ACTION ITEM: Line by line, copy the entries exactly, excluding the pictures.

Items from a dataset
===

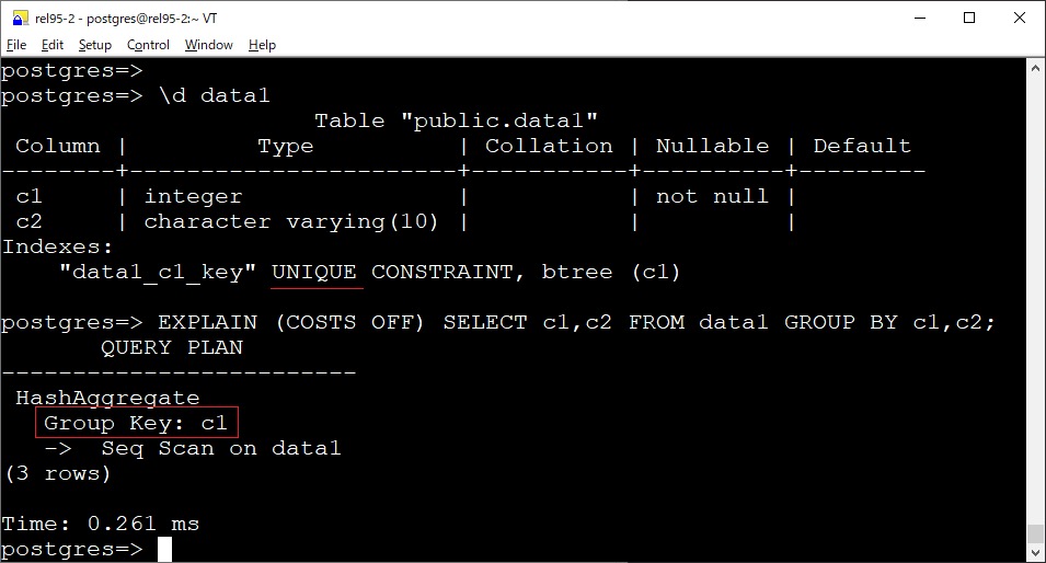 因为如果是按照主键进行分组,由于主键的原因,那么该行必然是唯一的,即使加上其他的列,也是固定的分组。但是比较可惜的是,截止目前只能是主键,唯一约束 + not null 也不行,虽然语义是一样的,代码里有说明 👇🏻
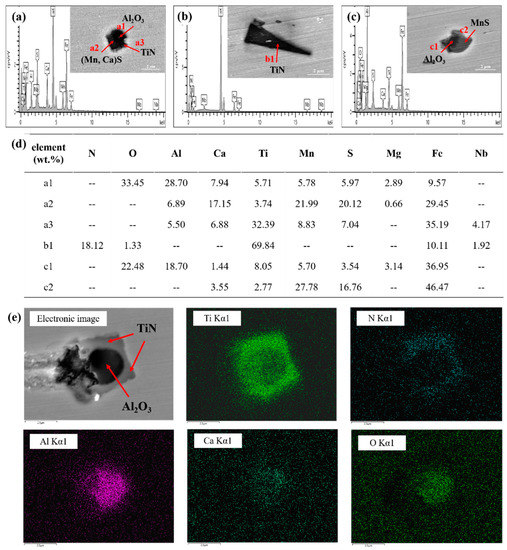 In order to compare the inclusion characteristics, the morphology and EDS spectrum of Beam-1 and Beam-2 steels are obtained respectively. Due to the differences in the chemical composition and structure, inclusions were divided into two types: TiN inclusions and TiN complex inclusions with an oxide core. For the second type of complex inclusion, the core oxide changes simultaneously with the increase of Mg content. Figure 4a–c shows the typical inclusion morphology in Beam-1 steel, and Figure 4d shows the chemical composition of the corresponding inclusions, as marked by red arrow. In Figure 4a, the inclusions are mainly composed of two parts, the darker color area in the center and the lighter color area in the outer shell. According to the EDS results in Figure 4d, it can be seen that the dark part of the center of the complex inclusion is composed of Al, Ca and O, and the gray part of the shell is mainly composed of Ti, Nb, Fe and other elements. Figure 4e shows the detailed characteristics of the typical core-shell inclusion. It can be clearly seen that the core is mainly composed of oxide inclusions containing Al, Ca, O and other elements, and the outer shell is mainly TiN.
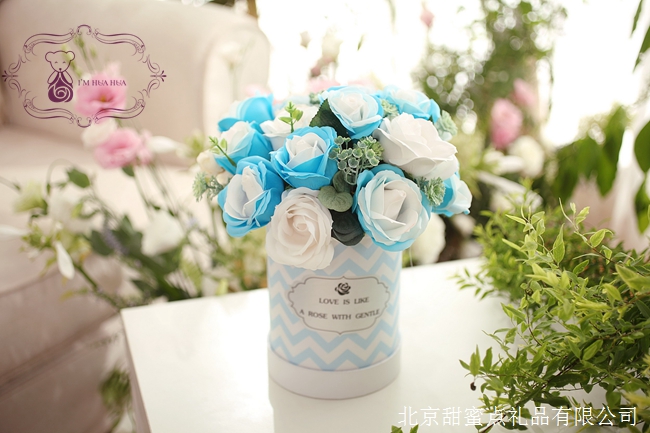 21朵藍(lán)色抱抱桶香皂花
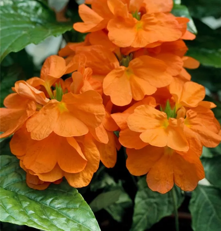 Die Crossandra (Crossandra infundibuliformis) ist eine orange blühende Pflanze, die lanzettliche, dunkelgrüne, glänzende, glänzende, gewellte Blätter trägt. Ihre tellerförmigen Blüten erscheinen in Ähren von April bis Oktober. Diese aufrechte und buschige Pflanze gedeiht am besten an einem sonnigen bis halbschattigen Standort.
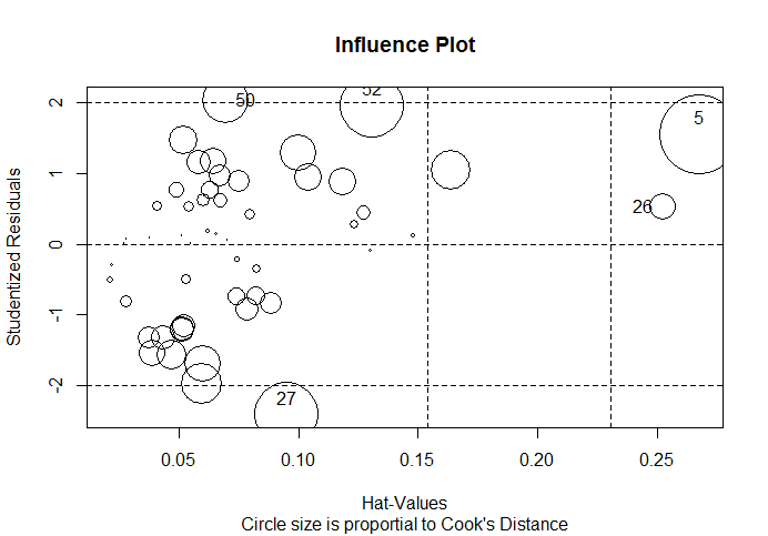 influencePlot(fit, id.method = "identify", main = "Influence Plot",
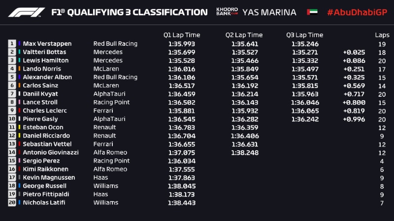 لوئیس همیلتون با شگردی متفاوت به پیست برگشت و از پیچهای 11 و 12 و 13 شروع به گرم کردن لاستیکها و ترمزهایش کرد، با یک سرعت مناسب دور نهایی را آغاز کرد سکتور اول و دوم بسیار سریع بود و هر دو بنفش شد و در سکتور سوم تنها جایی بود که کمی اشتباه داشت و از پیست کمی بیرون رفت. در نهایت زمان 1:35:332 کسب کرد که بوتاس ثانیهای بعد با یک سکتور سوم عالی زمان 1:35:271 را بدست آورد اما مکس ورشتپن که بر خلاف راوند اول که بسیار بد بود، سنت شکنی کرد و زمان بی نظیر 1:35:246 را به نام خود نوشت و تنها با 0.025 ثانیه اختلاف نسبت به بوتاس رده اول خط استارت مسابقه آخر این فصل را کسب کرد. ردهبندی سایر رانندگان در خط شروع گرندپری ابوظبی 2020 به شرح زیر است:
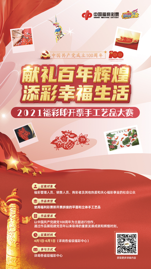 2021年是中國共產(chǎn)黨成立100周年,也是十四五開局之年。新征程,新使命,為獻禮建黨百年,中國福利彩票發(fā)行管理中心(以下簡稱中福彩中心)于41起,組織開展即開票手工藝品大賽。大賽以獻禮百年輝煌,添彩幸福生活為創(chuàng)作主題,以福彩即開票手工藝品為載體,展現(xiàn)百年奮斗歷程,記錄黨領導下的幸福生活,謳歌建黨以來取得的偉大成就。

===

ANSWER TO THE EXERCISE:
 因为如果是按照主键进行分组,由于主键的原因,那么该行必然是唯一的,即使加上其他的列,也是固定的分组。但是比较可惜的是,截止目前只能是主键,唯一约束 + not null 也不行,虽然语义是一样的,代码里有说明 👇🏻
 In order to compare the inclusion characteristics, the morphology and EDS spectrum of Beam-1 and Beam-2 steels are obtained respectively. Due to the differences in the chemical composition and structure, inclusions were divided into two types: TiN inclusions and TiN complex inclusions with an oxide core. For the second type of complex inclusion, the core oxide changes simultaneously with the increase of Mg content. Figure 4a–c shows the typical inclusion morphology in Beam-1 steel, and Figure 4d shows the chemical composition of the corresponding inclusions, as marked by red arrow. In Figure 4a, the inclusions are mainly composed of two parts, the darker color area in the center and the lighter color area in the outer shell. According to the EDS results in Figure 4d, it can be seen that the dark part of the center of the complex inclusion is composed of Al, Ca and O, and the gray part of the shell is mainly composed of Ti, Nb, Fe and other elements. Figure 4e shows the detailed characteristics of the typical core-shell inclusion. It can be clearly seen that the core is mainly composed of oxide inclusions containing Al, Ca, O and other elements, and the outer shell is mainly TiN.
 21朵藍(lán)色抱抱桶香皂花
 Die Crossandra (Crossandra infundibuliformis) ist eine orange blühende Pflanze, die lanzettliche, dunkelgrüne, glänzende, glänzende, gewellte Blätter trägt. Ihre tellerförmigen Blüten erscheinen in Ähren von April bis Oktober. Diese aufrechte und buschige Pflanze gedeiht am besten an einem sonnigen bis halbschattigen Standort.
 influencePlot(fit, id.method = "identify", main = "Influence Plot",
 لوئیس همیلتون با شگردی متفاوت به پیست برگشت و از پیچهای 11 و 12 و 13 شروع به گرم کردن لاستیکها و ترمزهایش کرد، با یک سرعت مناسب دور نهایی را آغاز کرد سکتور اول و دوم بسیار سریع بود و هر دو بنفش شد و در سکتور سوم تنها جایی بود که کمی اشتباه داشت و از پیست کمی بیرون رفت. در نهایت زمان 1:35:332 کسب کرد که بوتاس ثانیهای بعد با یک سکتور سوم عالی زمان 1:35:271 را بدست آورد اما مکس ورشتپن که بر خلاف راوند اول که بسیار بد بود، سنت شکنی کرد و زمان بی نظیر 1:35:246 را به نام خود نوشت و تنها با 0.025 ثانیه اختلاف نسبت به بوتاس رده اول خط استارت مسابقه آخر این فصل را کسب کرد. ردهبندی سایر رانندگان در خط شروع گرندپری ابوظبی 2020 به شرح زیر است:
 2021年是中國共產(chǎn)黨成立100周年,也是十四五開局之年。新征程,新使命,為獻禮建黨百年,中國福利彩票發(fā)行管理中心(以下簡稱中福彩中心)于41起,組織開展即開票手工藝品大賽。大賽以獻禮百年輝煌,添彩幸福生活為創(chuàng)作主題,以福彩即開票手工藝品為載體,展現(xiàn)百年奮斗歷程,記錄黨領導下的幸福生活,謳歌建黨以來取得的偉大成就。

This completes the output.